Patryk Rzadzinski wrote:
> Hello,
> 
> Thanks for all the input. I have removed my domains from spamd's whitelist and
> this problem is obviously gone, however this means it is gone after the 
> content
> scan.
> 
> I tried verify = helo and deny spf = fail, however both those checks were too
> strict for some popular mail servers used in my country, which I assume 
> renders
> them useless in my situation.
> 
>> W B Hacker wrote:
>> Neither 61.706.92.425 nor 212.62.52.156 have PTR RR
>> As 212.62.52.156 has no DNS entry, it *cannot* match the HELO of
>> 'BMARINKOVIC'
>> 'BMARINKOVIC' is not a FQDN in any case.
>> deny/drop/defer before enterign acl_smtp_rcpt.
> 
> This is of course true, but is there any other way to drop the mail 
> beforehand,
> if verify helo and spf are not options?
> 
> Thank you in advance,
> 
> --
> Patryk
> 

I wouldn't waste any time on spf.

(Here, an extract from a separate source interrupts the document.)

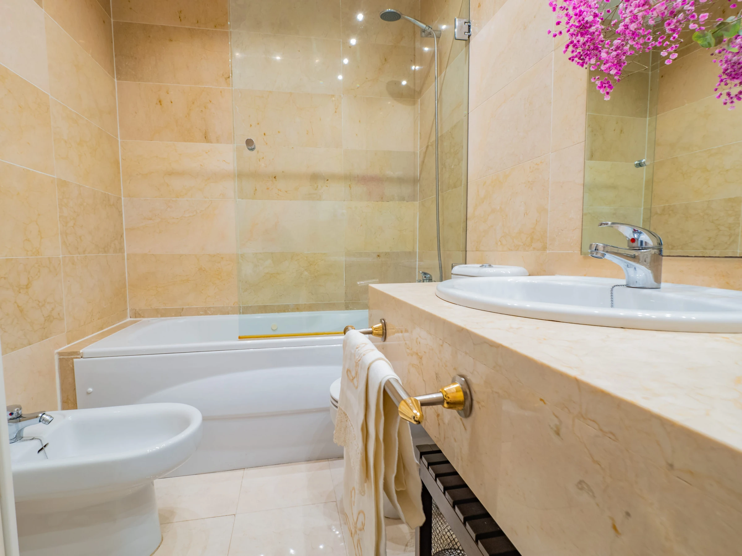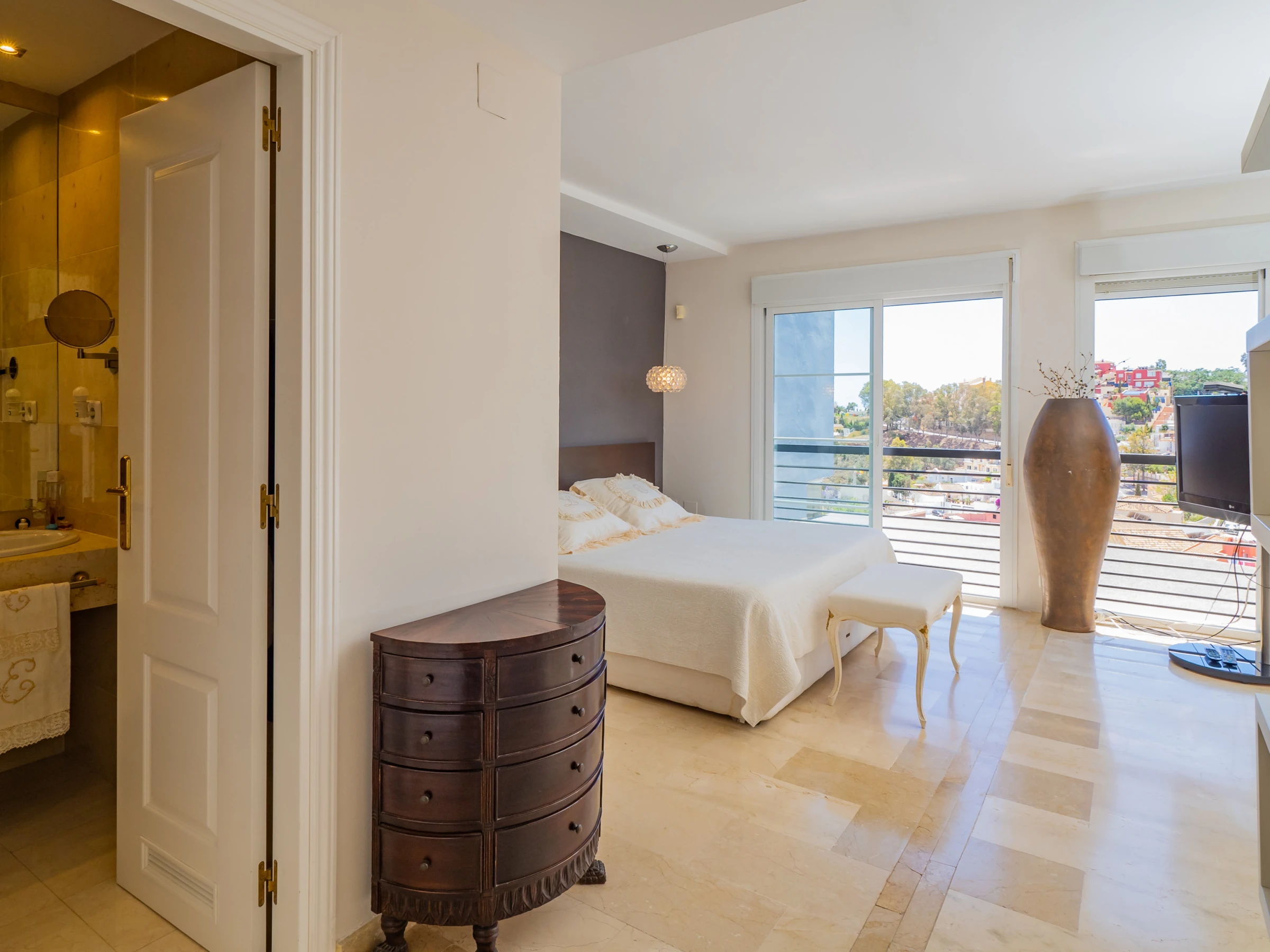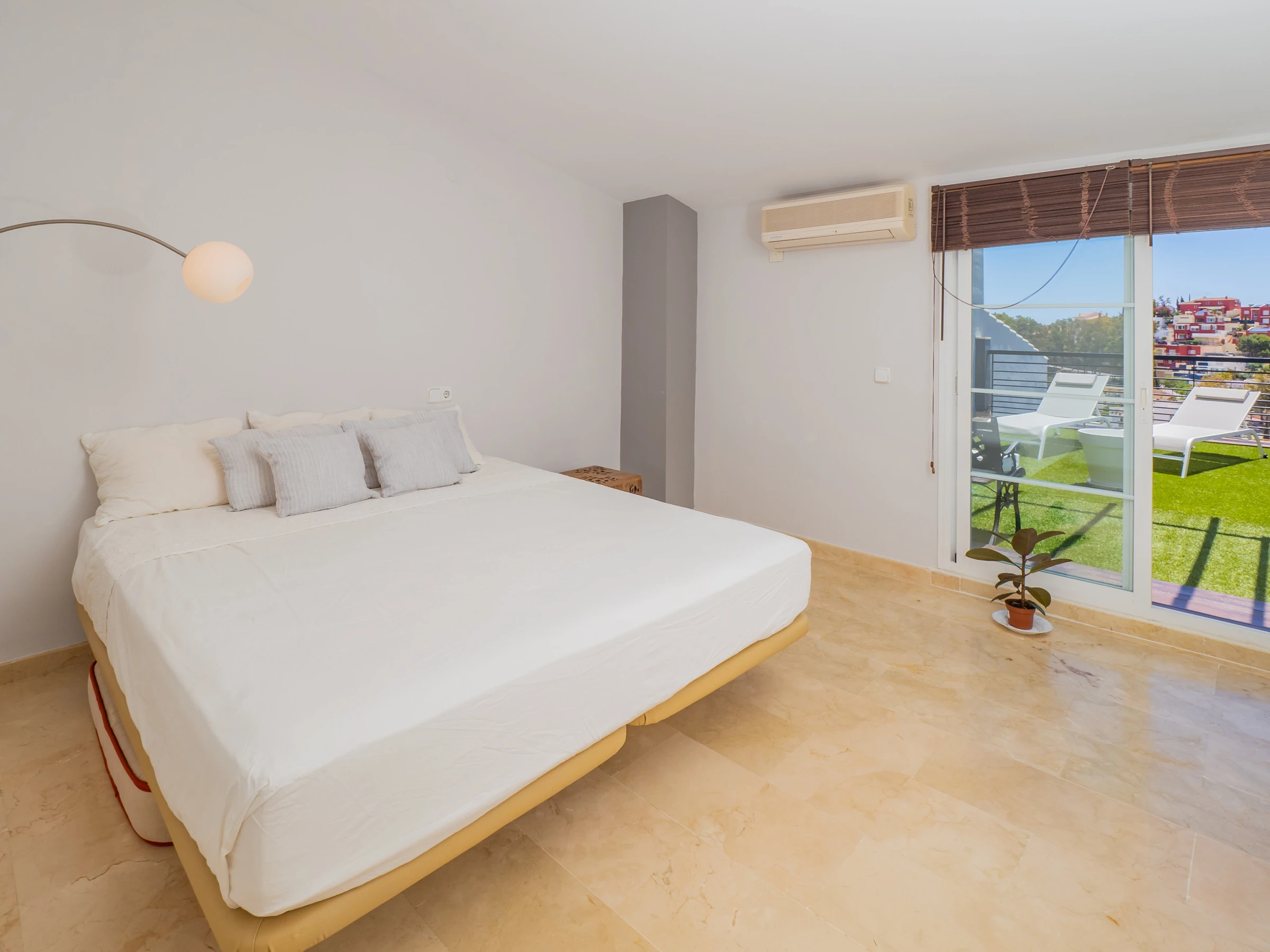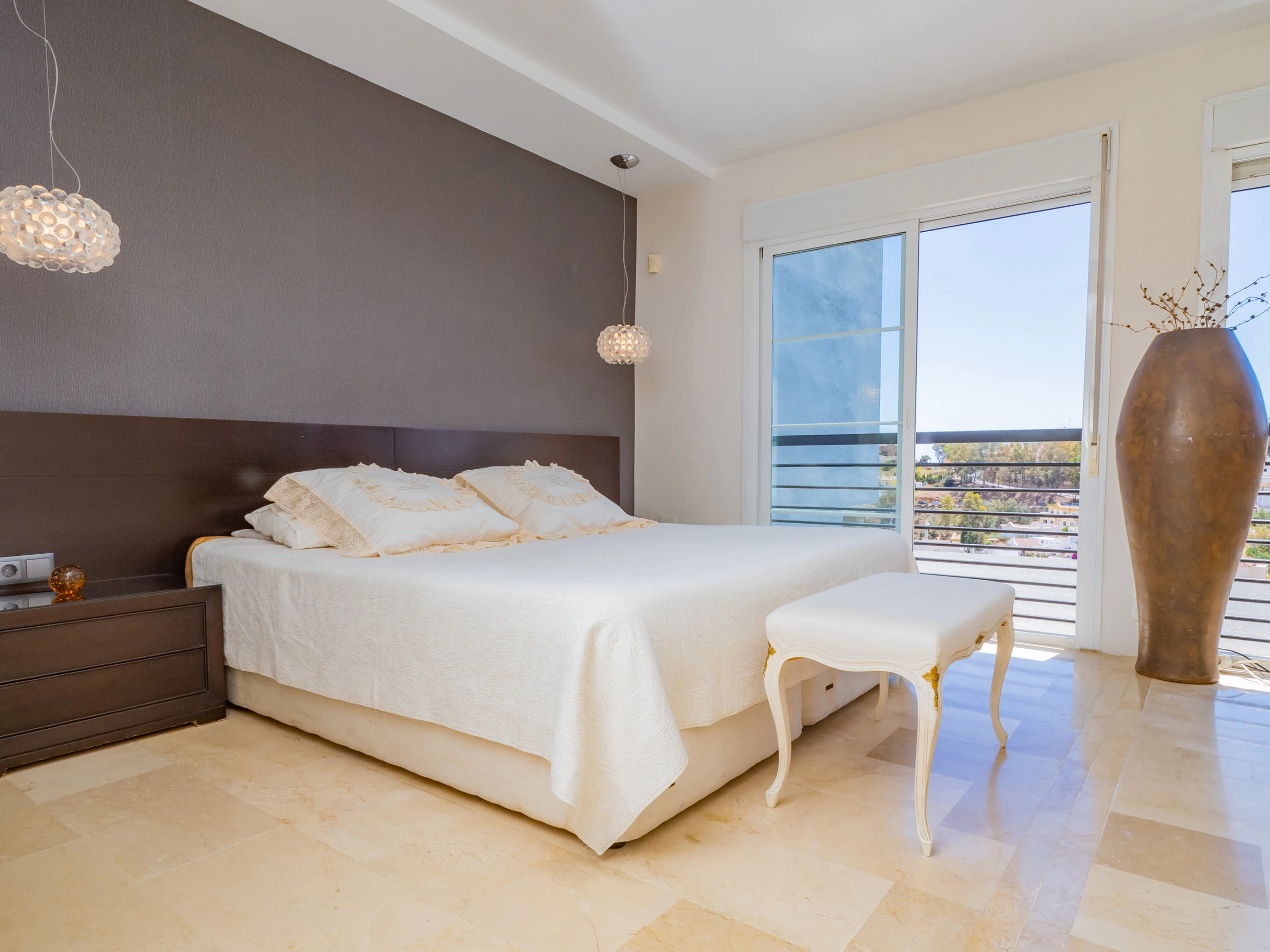 Le logement dispose de 4 chambres spacieuses et élégantes, équipées de grands lits (2x2 mètres), réparties sur plusieurs étages pour offrir intimité et confort. À l'étage supérieur, la chambre principale comprend une salle de bain attenante et une terrasse privée avec une vue spectaculaire. À l'étage intermédiaire, une autre chambre avec un lit de couple, de grands placards et une terrasse accueillante parfaite pour des dîners en plein air. Au rez-de-chaussée se trouvent deux autres chambres, l'une avec un lit de couple et l'autre avec deux lits individuels, toutes deux avec une salle de bain attenante.

But there are several other tools.

- rDNS fail

- dynamic-IP RBL

- local BL on IP and/or regexp (HELO)

The way to keep so-called 'false' positives down is to;

- whitelist those whom you feel you must - preferably by one (or few) IP 
rather than REGEXP. We even have a 'few' that pass only between specific 
'pairs' of correspondents (branch office <=> HQ over pure-crap 
connectivity ISP / dumbhost that gets nearly *everything* wrong).

- assign *weighted* scores for each faux pas, accumulate them, then 
compare the sum to per-domain if not per-user thresholds.

A bit of tweaking of whitelists and score weighting, and most users 
'regular' correspondents are not a problem even if trying to run their 
own MTA over dial-up off a Linux laptop.

Yet you can still kill zombies effectively and 'early enough'.

You need to wait until acl_smtp_rcpt to have the most info and options 
at hand, but any time *before* entering DATA phase is nearly as good as 
at first 'CONNECT' as far as resource load goes.

That's 'decision point ONE'

After mime, AV, and content scans, but while *still IN DATA* is decision 
point TWO.

What you want to avoid if at all possible is making decisions in 
router/transports AFTER the correspondent has dropped off the teat.

Here there be DNS backscatter risks.

No such risk as long as the deny/defer/drop was onpassed DURING the 
initial session. OR the caller was one of your own AUTH'ed users, as 
you'll be droppng any DSN locally into their own POP/IMAP box.